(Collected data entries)
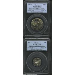1943-S 10C Dime--Uncentered Broadstrike--AU55 PCGS, light, mottled, golden-gray and pale russet patina drifts toward the rims, there is an extra lip of flan along the lower right obverse and in the corresponding area on the reverse; and a 1999-P Anthony Dollar--Uncentered Broadstrike--MS62 PCGS, the rims are distended all the way around both sides, but this feature is most readily evident from 11-3 o'clock on the obverse, golden tinged with swirling mint luster. 2 coins Important notice: We expect to be auctioning lots at the rate of 200-250 per hour. Sometimes eBay Premier live bid software cannot keep up with that pace, so we strongly recommend that you place a realistic proxy bid now as insurance to avoid disappointment. Also please note that all Heritage/CAA lots purchased through eBay Premier carry a 20% Buyer's Premium. Please make sure you read the Terms and Conditions.
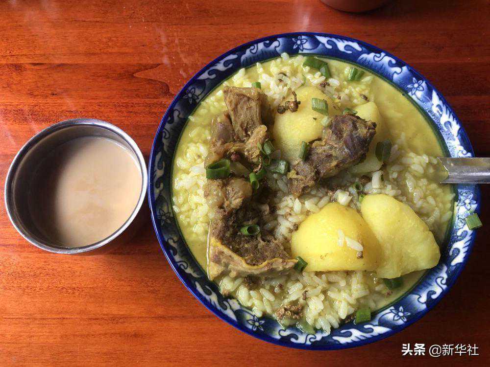 藏餐中的牦牛肉土豆咖喱饭,配一杯甜茶,就是一顿美餐。新华社记者孙瑞博摄
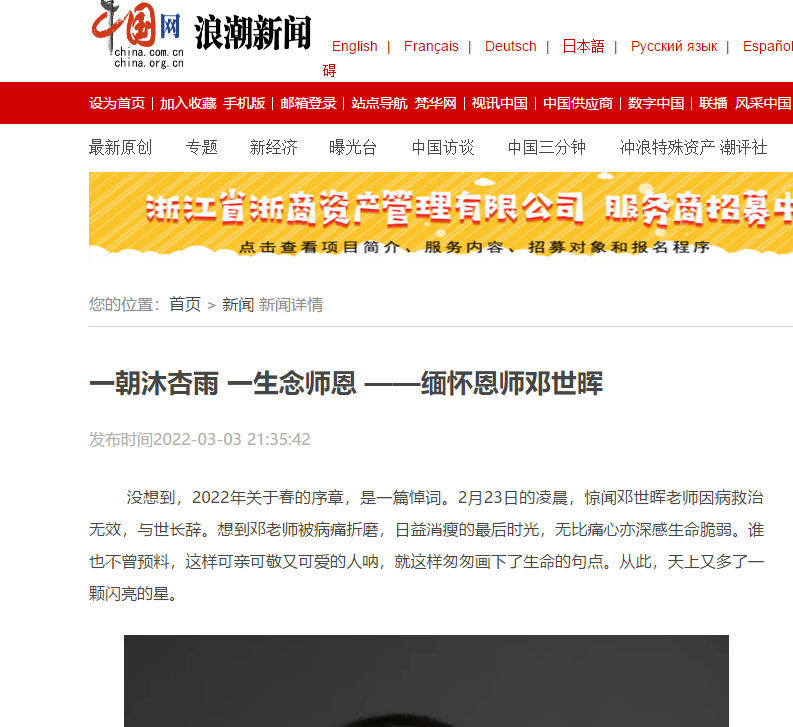 中国网浪潮新闻:一朝沐杏雨 一生念师恩 ——缅怀恩师邓世晖
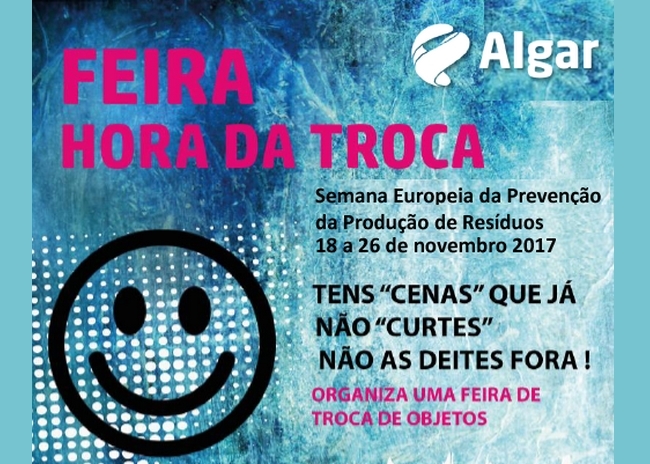 A ALGAR, empresa responsável pela valorização e tratamento de resíduos sólidos no Algarve, associa-se a esta iniciativa desde sempre. Este ano a empresa incentiva as Escolas da região a organizarem feiras de troca de objetos, que poderão intitular-se “Hora da Troca”. O objetivo é promover a troca direta de objetos tais como CD’s, livros, brinquedos ou outros materiais, que ainda estão em condições de serem utilizados por outras pessoas. Esta ação visa sobretudo, aumentar o ciclo de vida útil dos objetos e alertar os alunos para a importância de evitar o desperdício dos materiais, contribuindo dessa forma para a redução da deposição dos resíduos em aterro.
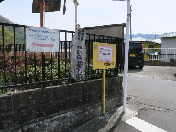 坂をくだり、中央高速の出口に架かる橋をわたり、急坂を下ると、高札場の標柱がある。案内図ー❼ すぐ下で国道20号線に合流する。 |
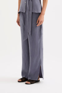 The Devin Tencel Maxi Skirt is made in a tencel blend fabrication with a soft, sueded hand feel. The silhouette is a relaxed, wide leg, full length pant. Features include an elasticated waistband and side seam pockets.

**WORK REQUIRED**
Reproduce the whole of the data, word for word, and omit its pictures.

**EXPECTED ANSWER**
1943-S 10C Dime--Uncentered Broadstrike--AU55 PCGS, light, mottled, golden-gray and pale russet patina drifts toward the rims, there is an extra lip of flan along the lower right obverse and in the corresponding area on the reverse; and a 1999-P Anthony Dollar--Uncentered Broadstrike--MS62 PCGS, the rims are distended all the way around both sides, but this feature is most readily evident from 11-3 o'clock on the obverse, golden tinged with swirling mint luster. 2 coins Important notice: We expect to be auctioning lots at the rate of 200-250 per hour. Sometimes eBay Premier live bid software cannot keep up with that pace, so we strongly recommend that you place a realistic proxy bid now as insurance to avoid disappointment. Also please note that all Heritage/CAA lots purchased through eBay Premier carry a 20% Buyer's Premium. Please make sure you read the Terms and Conditions.
 藏餐中的牦牛肉土豆咖喱饭,配一杯甜茶,就是一顿美餐。新华社记者孙瑞博摄
 中国网浪潮新闻:一朝沐杏雨 一生念师恩 ——缅怀恩师邓世晖
 A ALGAR, empresa responsável pela valorização e tratamento de resíduos sólidos no Algarve, associa-se a esta iniciativa desde sempre. Este ano a empresa incentiva as Escolas da região a organizarem feiras de troca de objetos, que poderão intitular-se “Hora da Troca”. O objetivo é promover a troca direta de objetos tais como CD’s, livros, brinquedos ou outros materiais, que ainda estão em condições de serem utilizados por outras pessoas. Esta ação visa sobretudo, aumentar o ciclo de vida útil dos objetos e alertar os alunos para a importância de evitar o desperdício dos materiais, contribuindo dessa forma para a redução da deposição dos resíduos em aterro.
 坂をくだり、中央高速の出口に架かる橋をわたり、急坂を下ると、高札場の標柱がある。案内図ー❼ すぐ下で国道20号線に合流する。 |
 The Devin Tencel Maxi Skirt is made in a tencel blend fabrication with a soft, sueded hand feel. The silhouette is a relaxed, wide leg, full length pant. Features include an elasticated waistband and side seam pockets.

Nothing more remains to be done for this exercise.